Seems fishy to me, honestly.
Do not know how your coils took physical damage either, because it's sort of just not possible. If that card was not touched by you, then either whoever [put it in when upgrading did it, or it came stock like that which would mean its a defect. and because I doubt it came stock like that or you put it in there and somehow damaged it long ago, and the fact the serial is ripped off, i am suggesting someone is replacing your "Alive" card with a dead one. If someone were to touch my seriel numbers, thats the first thought I'd have. Why would it get removed, and even show signs of being ripped off ? the heatsink doesn't even touch there, the laptop doesn;t make contact with it there, there's no reason, honestly. All it can do it help you RMA it or get warranty and identify the card. Since ALL of those apply to this card currently, there is even less chance you'd touch it.
Unless I'm missing something here or just Call me paranoid. Thats my thoughts.
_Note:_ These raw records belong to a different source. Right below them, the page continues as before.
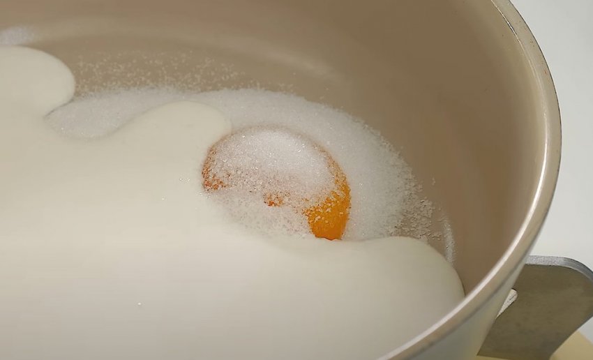 На слабом огне при постоянном помешивании нагрейте 1 яичный белок, сахар и жирные сливки. Сахар должен полностью раствориться.
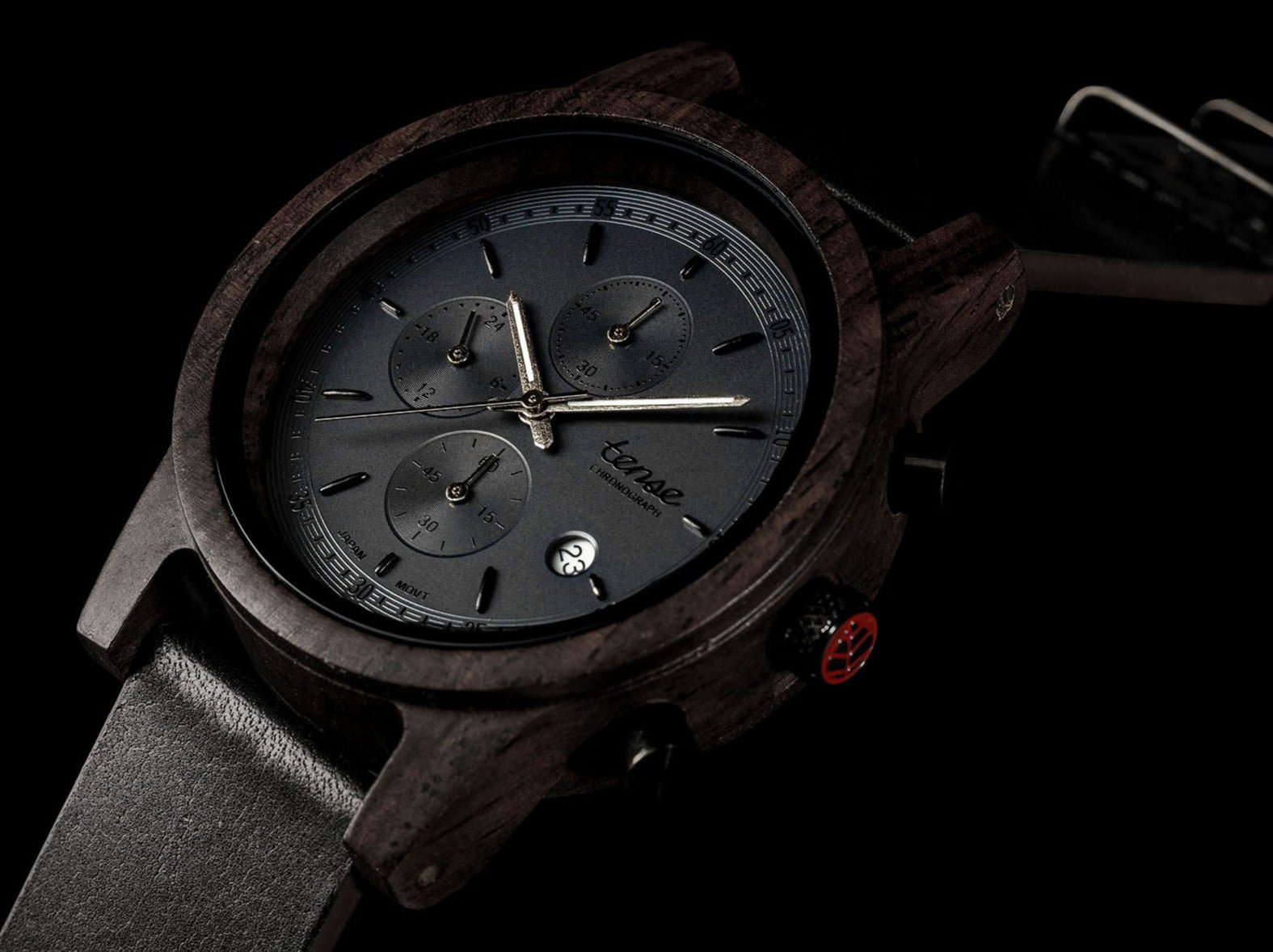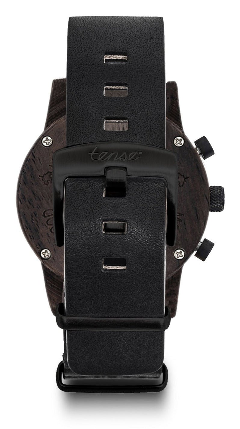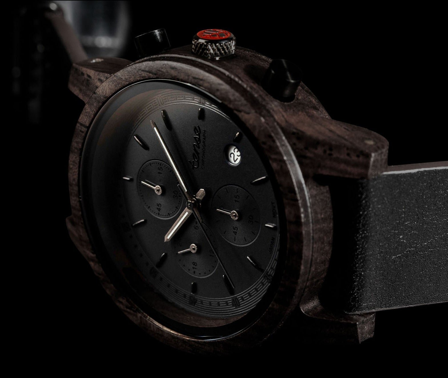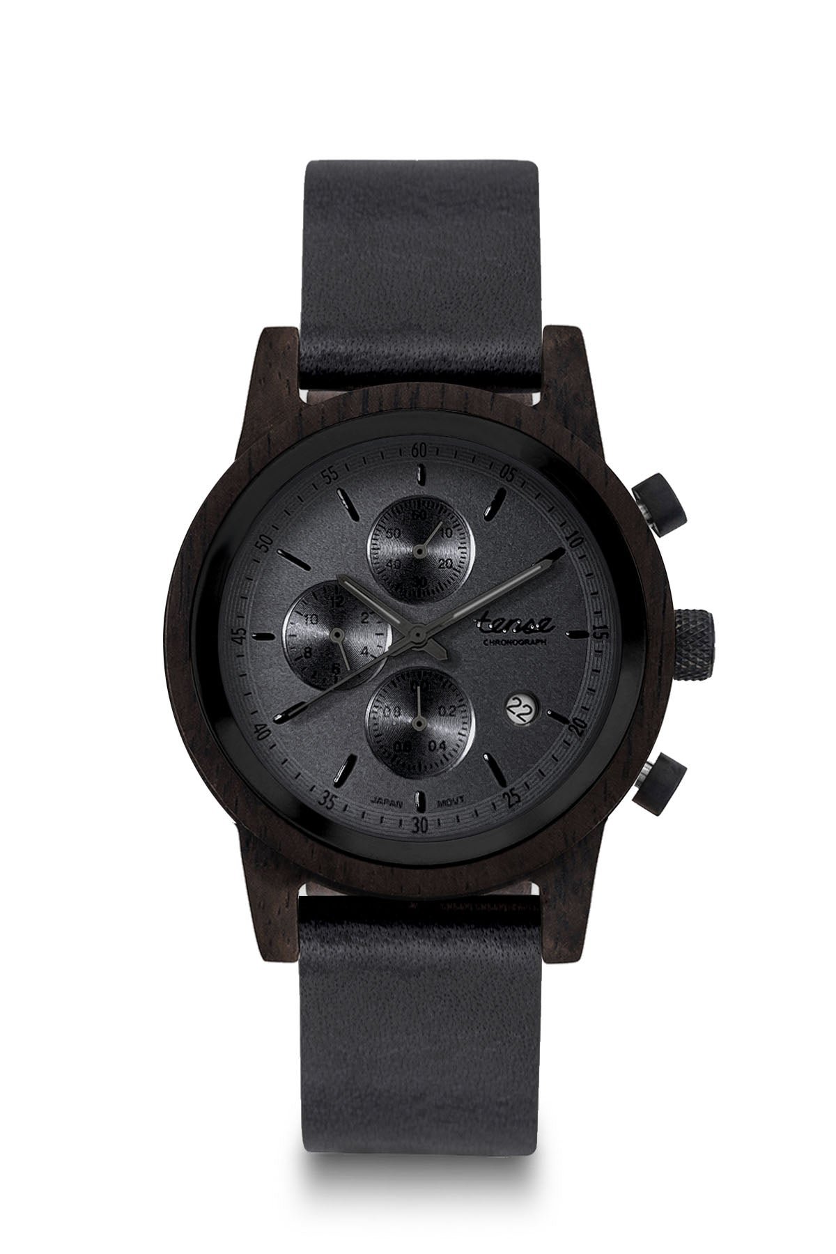 The Cambridge Chrono Leather Blackout features Premium leather straps. This unisex 6-hand chronograph features 3 sub-dials showing the Chrono in minutes. hours and seconds. The Cambridge is made from 100% recycled or reclaimed wood. with Miyota 0S60 watch movement from Japan. and is adjustable in size. With this Miyota movement. the centre Chrono second hand moves only when the Chronograph function is activated.
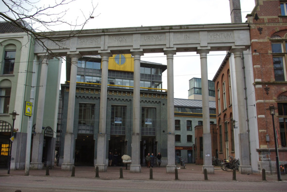 Поскольку я оказалась в этом районе, то правильно будет рассказать о нем, он очень живописный. В пяти минутах ходьбы от парка находится Leidseplein, площадь, пользующаяся особой популярностью у любителей ночной жизни: бары, кафе, дискотеки и кинотеатр, все они открыты допоздна. Между парком и площадью есть ворота, надпись на которых гласит «Homo sapiens non urinat in ventum», дословно это можно перевести так: «Человек не писает против ветра».
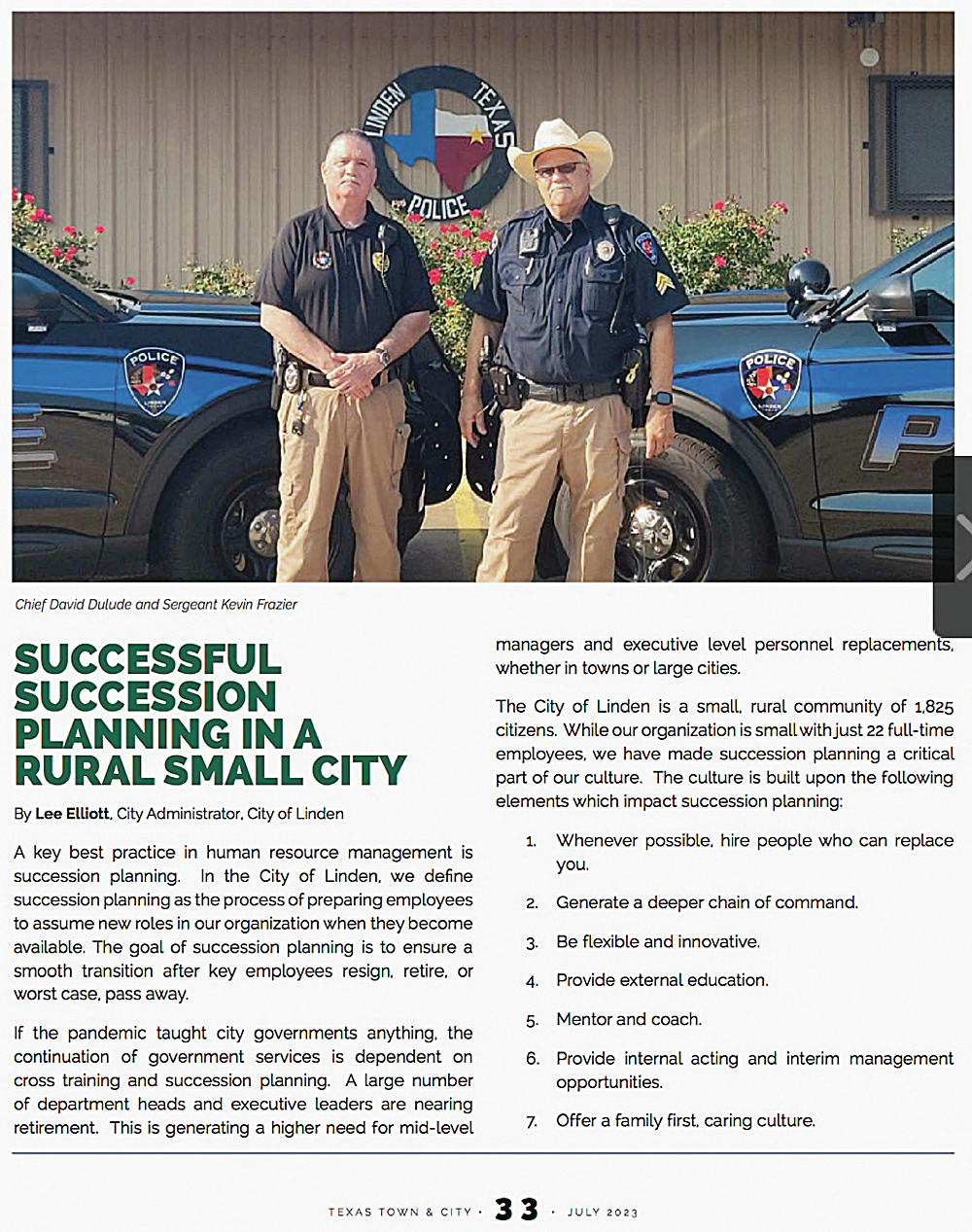 There, on pages 34-35, is the suggestion from a small Northeast Texas town that other towns across the state might develop the best practice tactic of succession planning.
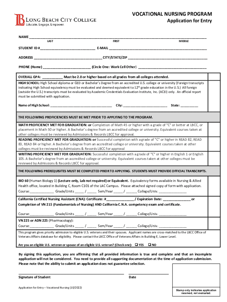 VOCATIONAL NURSING PROGRAMApplication for EntryNAME ___ LASTFIRSTMIDDLESTUDENT ID #___ EMAIL ___ ADDRESS ___ CITY/STATE/ZIP ___ PHONE (Home) ___ (Circle One: Work Cell Other) ___ OVERALL GPA: ___
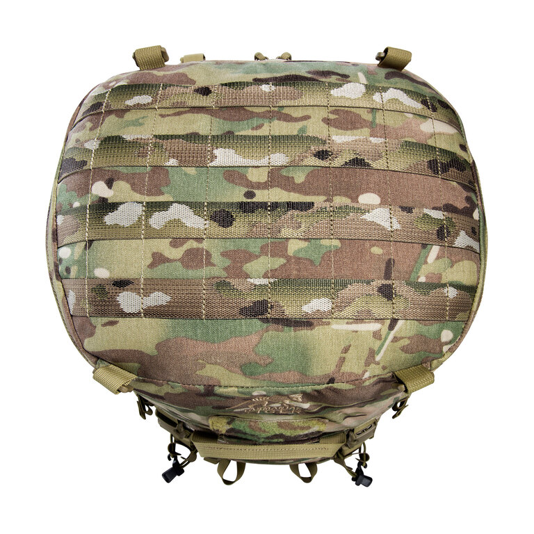 MOLLE vazba na přední a boční straně i na víku batohu umožňuje snadné připojení další výstroje. Batoh je kompatibilní s hydratačním vakem a obsahuje průchody pro vedení antény do hlavního prostoru. Odolné materiály s DWR úpravou bez PFC/PFAS pomáhají chránit obsah před vlhkostí a nečistotami, zatímco Multicam usnadňuje začlenění do prostředí.
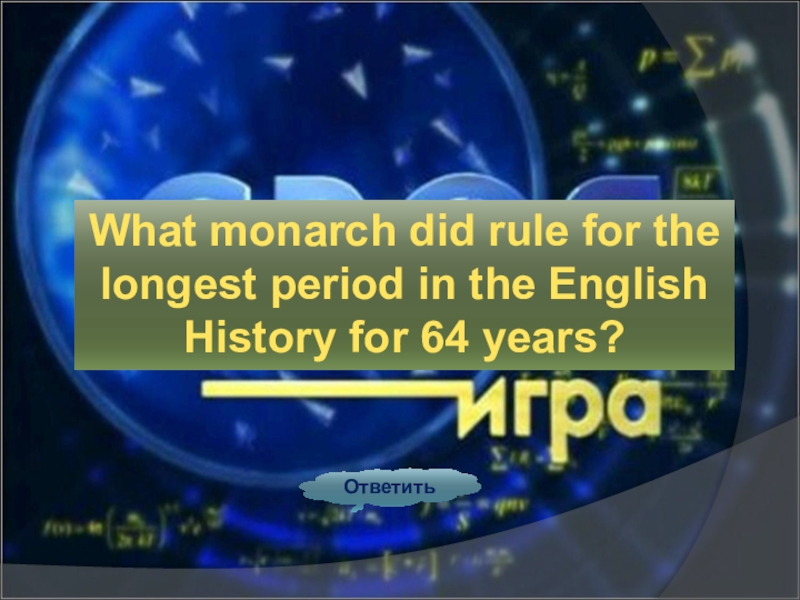 ОтветитьWhat monarch did rule for thelongest period in the English History for 64 years?
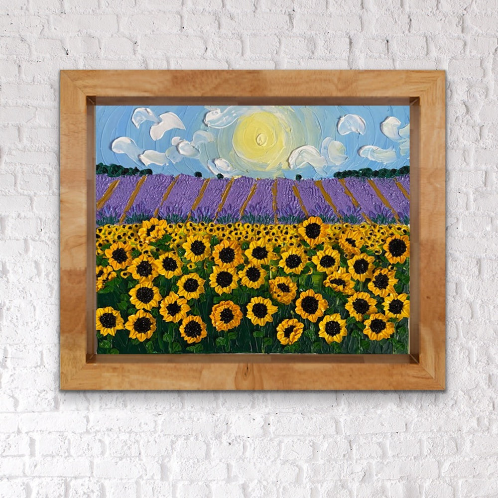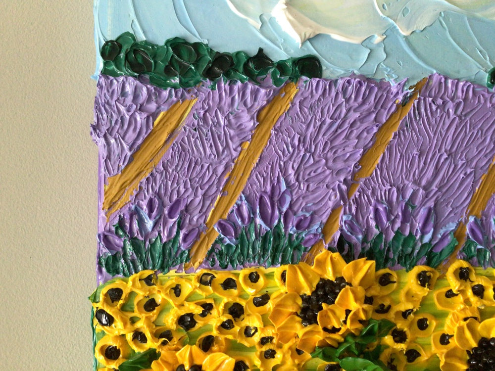 3d sunflowers and lavender field acrylic impasto painting - Hand Painted using cake decorating tips and palette knives - stretched on Canvas using artist quality acrylic paints - Varnished and UV protected • 16x20 inches - Wire hanger attached to back of canvas - Ready to hang Please note, the frame featured around the painting in all of the images is a computer generated image not an actual frame.
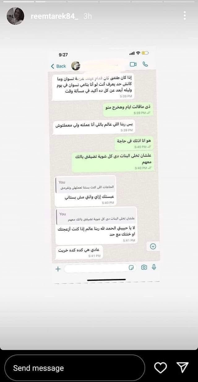 ونشرت ريم طارق شات بين زوجها حسن شاكوش سكرين لمحادثة بينها وبين زوجها على تطبيق واتساب، وذلك خلال ستوري على صفحتها الشخصية بموقع إنستجرام، لينتشر بعدها لقطة الشاشة بسرعة البرق بين رواد مواقع التواصل الاجتماعي، وأثير الجدل حول الأخطاء الإملائية التي ظهرت في المحادثة ورقم حسن شاكوش الذي نشرته ريم في الاستوري.
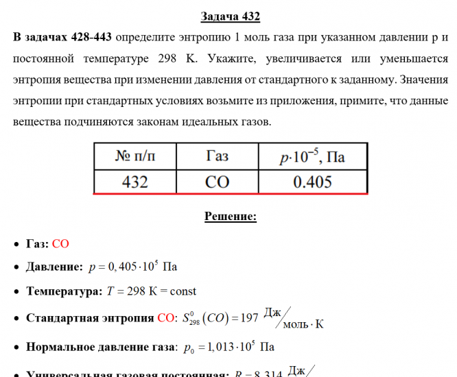 Задача 432 - определите энтропию 1 моль газа при указанном давлении p и постоянной температуре 298 K. Укажите, увеличивается или уменьшается энтропия вещества при изменении давления от стандартного к заданному. Значения энтропии при стандартных услов
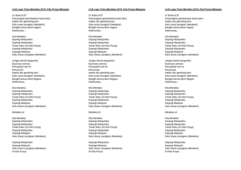 Kita Punya Malaysia Lyrics : Ya malaysia lirik lagu tema merdeka 2018:

I think the RAM was resoldered on, or some sort of oil from a broken components, or foul play because the seriel is missing. DO not know what caused your cards death, it's not plausible that - that oil or damage was there on a new card installed by your seller if it was new, so no idea's.
Last edited by a moderator: Nov 12, 2017Dr. AMK likes this. -
idk about the serial number tbh.woodzstack likes this. -
woodzstack Alezka Computers , Official Clevo reseller.
-
-
Given the amount of oil covered on the R22 coils + VRAM chips, it has got to be from the thermal pads. Even Fujipoly themselves admitted here in the Warranty Statement that silicone oil can leach from their products. I spent some time looking at the components up close, and I couldn't find any trace of something big enough that would potentially hold/leach that much liquid.
How R22 and R47 appeared damaged is beyond me as well. Not sure if this has any connection with the coil whine issue I mentioned in the original post. There wasn't anything sharp on the old pads that would have caused such damage. The temperatures looked good, so I never bothered to do a repaste. I just checked the original purchase invoice that the seller sent me, and I noticed that the P750ZM was purchased as a barebone with 980M installed. Hey @win32asmguy, do you remember seeing anything strange on the 980M when you installed the 4790K?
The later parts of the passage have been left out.